The development of the muscles of the suboccipital region has not been well studied. Mori [9] suggested that the atlantomastoid muscle, obliquus capitis superior, and longissimus capitis muscles might share the same embryological derivation due to their innervation by the suboccipital nerve. Lewis [8] described and depicted the atlantomasotid muscle in a 21 mm embryo as being attached to the mastoid blastema and as being long and slender (Fig. 3). He also described the adjacent occipitomastoid (Fig. 3) and believed it might be related to the intertransversarii muscles although he also suggested this muscle could be derived from the pharyngeal arches. Both muscles were considered rudimentary muscles by Lewis who also stated they were not found in adults.

Clinical/Surgical applications

We hope that increased knowledge of anatomical variants in the suboccipital region can improve patient care. Repeated observations on anatomical variations deepen existing knowledge, can help to overcome the subjective aspect in the description made by individual researchers, and can also be useful for clinicians in their daily practice [12]. Procedures that might encounter or specialities that need to know details about this muscle include neurosurgical approaches to the skull base such as suboccipital craniectomy and exposure of the occipital artery for occipital artery to posterior cerebral artery bypass and interventional procedures that target the occipital region in treating patients with, for example, pain related to muscle spasm or muscle compression of surrounding nerves, i.e. occipital neuralgia migraine and require botulinum toxin injection to the suboccipital musculature. Lastly, although small, the atlantomastoid muscle, with the continued improvement in imaging techniques, e.g. magnetic resonance imaging might be appreciated by radiologist viewing the skull base. Therefore, knowledge of the atlantomastoid can improve interpretation of images and prevent misdiagnosis if it is identified.

CONCLUSIONS

We present a variant of the atlantomastoid muscle.

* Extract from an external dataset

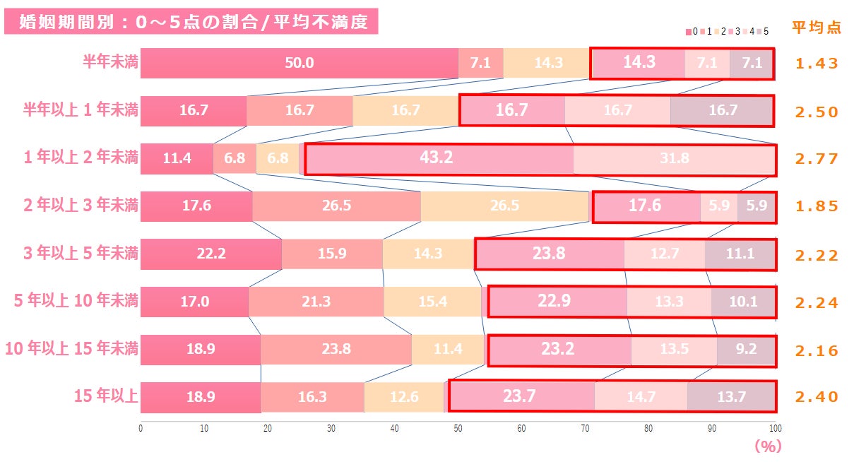 婚姻期間別では、「結婚1年以上2年未満」の不満度が最も高く、新婚期の「理想とのギャップ不満」が浮き彫りに。また、「15年以上」のベテラン夫婦でも不満3点以上が52.1%となり、「夫婦の総決算期」の課題が浮上。

Based on our proposed classification of the muscle, this would be a type 2 muscle. Such a muscle attaching medial to the mastoid notch might be encountered during craniotomies in this region. For example, this is the location of a retrosigmoid craniotomy for access to the cerebellopontine angle. Additionally, surgeons who are localising the occipital artery would need to know that the atlantomastoid muscle, when present, can travel superficially to the artery and lie deep to the longissimus capitis muscle, which normally covers it posteriorly.

Acknowledgements

The authors sincerely thank those who donated their bodies to science so that anatomical research could be performed. Results from such research can potentially increase humankind’s overall knowledge that can then improve patient care. Therefore, these donors and their families deserve our highest gratitude [3].